As an application, the speaker will provide a simple, explicit and sufficient condition for convergence of stochastic subgradient methods for such functions. If time permits, as another application, the speaker will also show how this framework combined with standard geometric measure theory arguments leads to results on the statistical behavior of persistence diagrams of filtrations built on top of random point clouds.
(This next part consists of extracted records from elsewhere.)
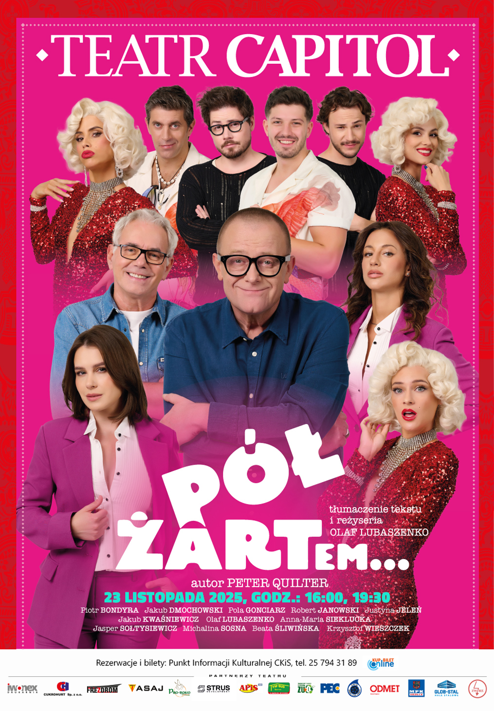 Spektakl „Pół żartem…” w wykonaniu Teatru Capitol z Warszawy będzie można zobaczyć na Scenie Teatralnej Miasta Siedlce już 23 listopada. Sztuka autorstwa Petera Quiltera zostanie zaprezentowana o godzinie 16:00 i 19:30. W rolach głównych wystąpią: Olaf Lubaszenko, Piotr Bondyra, Anna Maria Sieklucka, Jasper Sołtysiewicz oraz Beata Śliwińska. Przedstawienie znalazło się w programie XIII Ogólnopolskiego Festiwalu Teatrów „Sztuka plus Komercja”.
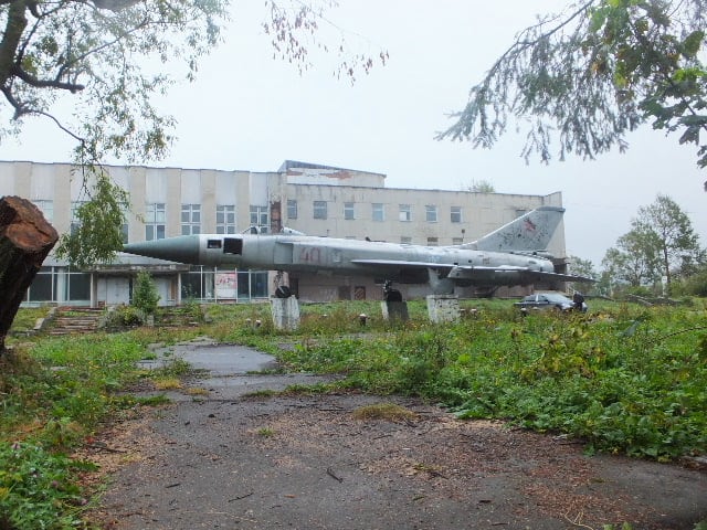 唯一満足したのが、側の建物の、古いミグ戦闘機。
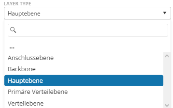 | Lookup-Layer Attribut | This attribute references another domain table, for example the assignment of id_layer_type to the possible types (connection level, backbone, main level, distribution level). | ||

Frédéric Chazal is a Directeur de Recherche (senior researcher) at INRIA Saclay Île-de-France since 2007. After a PhD in pure mathematics, he oriented his research to computational geometry and topology. He is now leading the DataShape team at INRIA, a group working on Topological Data Analysis (TDA), a recent fast growing field at the crossing of mathematics, statistics, machine learning and computer science. He is also the head of the DATAIA Institute at Université Paris-Saclay. Frederic’s contributions to the field go from fundamental mathematical aspects to algorithmic and applied problems. He published more than 90 papers in major computer sciences conferences and mathematics journals, he co-authored 2 reference books and 3 patents. He is the Editor-in-Chief of the Journal of Applied and Computational Topology (Springer), and he is or has been, also an associate editor of 3 other international journals: Discrete and Computational Geometry (Springer), SIAM Journal on Imaging Science, Graphical Models (Elsevier). During the last few years Frederic has been heading several national and international research projects on geometric and topological methods in statistics and machine learning. He is also the scientific head of joint industrial research projects between Inria and several companies such as Fujitsu (TDA, Machine Learning and explainable AI) or the French SME Sysnav.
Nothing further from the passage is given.